Chaim Soutine

7:00 PM

Chaim Soutine, Amedeo Modigliani, 1917

By EMMA SHAPIRO

Chaim Soutine and Amedeo Modigliani met while living in Paris in the early 1900s. Both being Jewish, Russian immigrant artists, they did not have many friends but each other. Modigliani painted many portraits of Soutine, the 1917 one as one of the most famous. Modigliani took inspiration from Africa, Egypt, and Archaic Greece for his paintings. Portraits with abstracted features, long noses, almond and sometimes blank eyes, columnar necks, and neutral backgrounds, characterize the work of Modigliani. Modigliani often left the eyes of his portraits blank, in order to degrade his subjects of identity. His paintings of Soutine stray from this commonality though. 

In Chaim Soutine, Soutine stares at the viewer with his black eyes.
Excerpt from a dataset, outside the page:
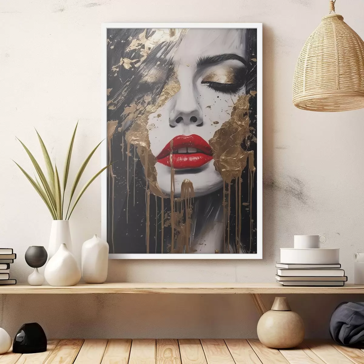 Poster Cara con labios rojos f44492
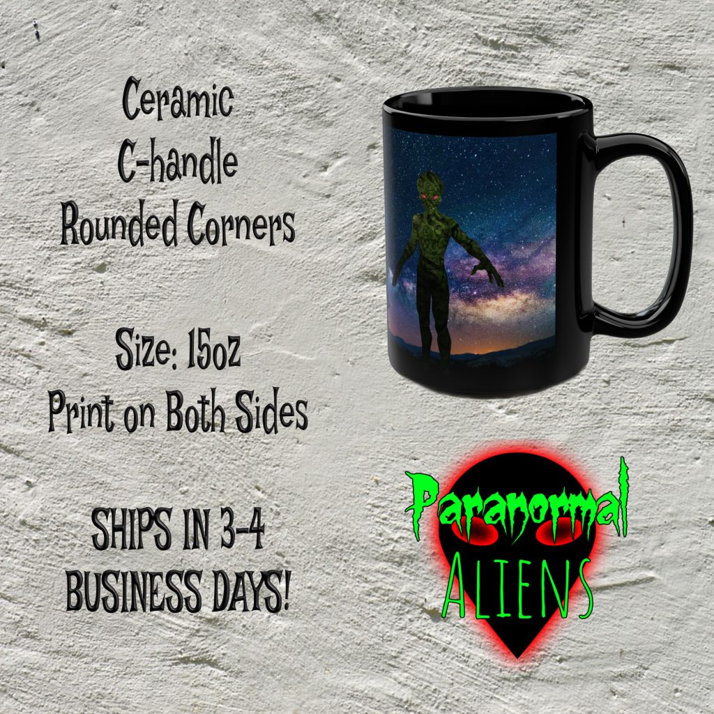 Elevate your coffee experience with our stunning UFO Alien Mug, a captivating blend of beauty and spookiness. This goth coffee cup features an otherworldly scene that will send chills down your spine. A UFO ship breaks through the atmosphere in a mesmerizing cloud of mist, while a creepy alien with red eyes stands in a haunting field. With its unique design inspired by Area 51 space aliens, this black alien mug is a perfect choice for a horror gift for men or a gift for women who appreciate the mysterious and macabre. The combination of beauty and spookiness makes it a standout piece for gothic decor, and its functionality as a coffee mug adds to its appeal. Indulge in your favorite brews with a touch of darkness using our UFO Alien Mug—a spooky yet gorgeous statement piece that adds a hint of intrigue to your daily routine.

Although dark and mysterious, by giving Soutine eyes, Modigliani also gives him an identity. Soutine was of few people Modigliani knew, and an even lesser amount of friends. Soutine's nose does not possess the usual elongation but a slight thickness. His head also remains at almost normal proportions. Modigliani also paints Soutine in a setting, unlike his usual neutral or abstract, geometric backgrounds. Soutine sits in front of a table and what appears to be a mirror. He crosses his hands loosely and stares blankly. Although a rarity with Modigliani, his naturalistic approach in paintings of Soutine is admirable. 

Modigliani has been given the name of the "quintessential example of the bohemian artist." While living in Paris he sold portraits to sitters at the bar for as low as five francs. Modigliani did not aim become famous but rather struggled to get by. Along with portraiture, Modigliani also fascinated himself with the human body. He painted countless nudes, almost always in the same format. He rarely strayed from his signature style of a nude woman lying diagonally, confined within narrow space, and legs eclipsed by the edge of the canvas. The subjects usually had a gaze which suggested sexual availability. His nude women were often confiscated from exhibits due to their overt sexuality and eroticism. Although Modigliani lived a short life, the individuality of his art works have allowed him to live on with them.